Here Charlotte went from the bottom to the top of the class and was
admired for her intelligence, analytic powers, unshowy
neatness and deportment. A year later she was back home in Haworth teaching her
younger sisters but in 1834 she returned as a teacher. Part of her contract
said she could bring a sister for free schooling. Emily was chosen as she was
the oldest but soon became she missed the moors so much she had to be sent
home. She was replaced by other sister Anne. As 1837 ended Anne contracted
probably typhoid, a priest visited here abut she survived. Charlotte felt she’d
neglected her younger enough to feel guilty for the rest of her life. This
incident also caused friction between Charlotte and Miss Wooler
and Charlotte left her job as a teacher (their friendship was rekindled later
and Miss Wooler gave Charlotte away at her wedding.) In
1838 Charlotte left Roe Head School - taking up a position as governess for
which she had attended the school.
I got out of the car aware that Hollybank is
now charitable school. To appear inconspicuous I stepped down into some
ornamental gardens away from the main entrance where I saw a woman raking up
leaves. I got chatting with her and the leaves she was sweeping covered the
graves of kids who had died at the school. She was a volunteer there and said Hollybank was of one those rare magical places that
provided education for people with severe disabilities and was a home to people
from the cradle to the grave.
She had worked there for a while but had never gone and read the
Bronte plaque on the old part of the school. I left her to seek out the plaque
with a lad of about 14 watching my every move. It was obvious the place had
been expanded many times but the old block was still easily outclassing the
modern additions. I had a stroll around and found the plaque. There were
barriers into and out of the place and I realised I was blocked in. I strolled
around, felt watched from faces in window and received looks of people walking
between buildings. The young lad stood on a ledge in the gardens and kept
watching me.
I went and stood on the drive up which the horses and carriages would take
nervous girls, away from their parents for the first time. I stood where the horse
and buggy would have turned around to leave children with cases. A 14-year-old
Charlotte alighted from a buggy with her case a belly full of nerves. She had a
light Irish accent, wasn’t sure how the girls would be with her and cried once
she took her case/trunk in through the main door.
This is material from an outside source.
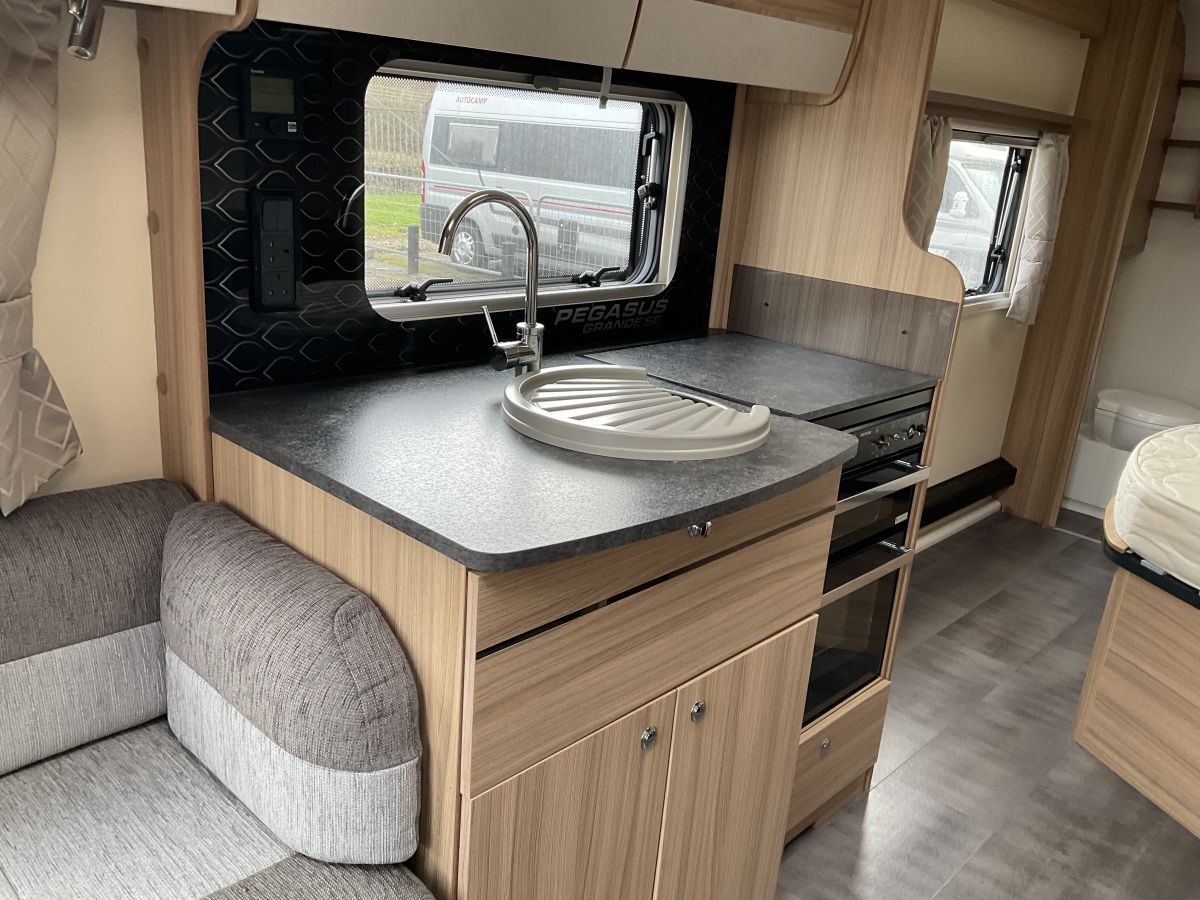 Good spec offering great value for money with Powrtouch mover already fitted. Extra spec includes: Truma Solar Panel, ATC trailer control, alloy wheels, external gas bbq point and external electric socket, GRP sides and roof, loose carpets, stereo with bluetooth, USB sockets, Microwave, electric hot plate and lots more

I didn’t stay long and thought I’d have a coffee in the car once I’d
got out of the grounds. The young lad who’d been watching me disappeared into
the school and I thought he might bring someone out. There was a one-way system
to exit the grounds and I’d seen another car stuck at a barrier wanting to get
out. A barrier only lifted when they spoke into a box. I ended up doing a wheel-spin
in my red breadbox of a car as I went the wrong way passed some “No Exit” signs
and got out onto the main road.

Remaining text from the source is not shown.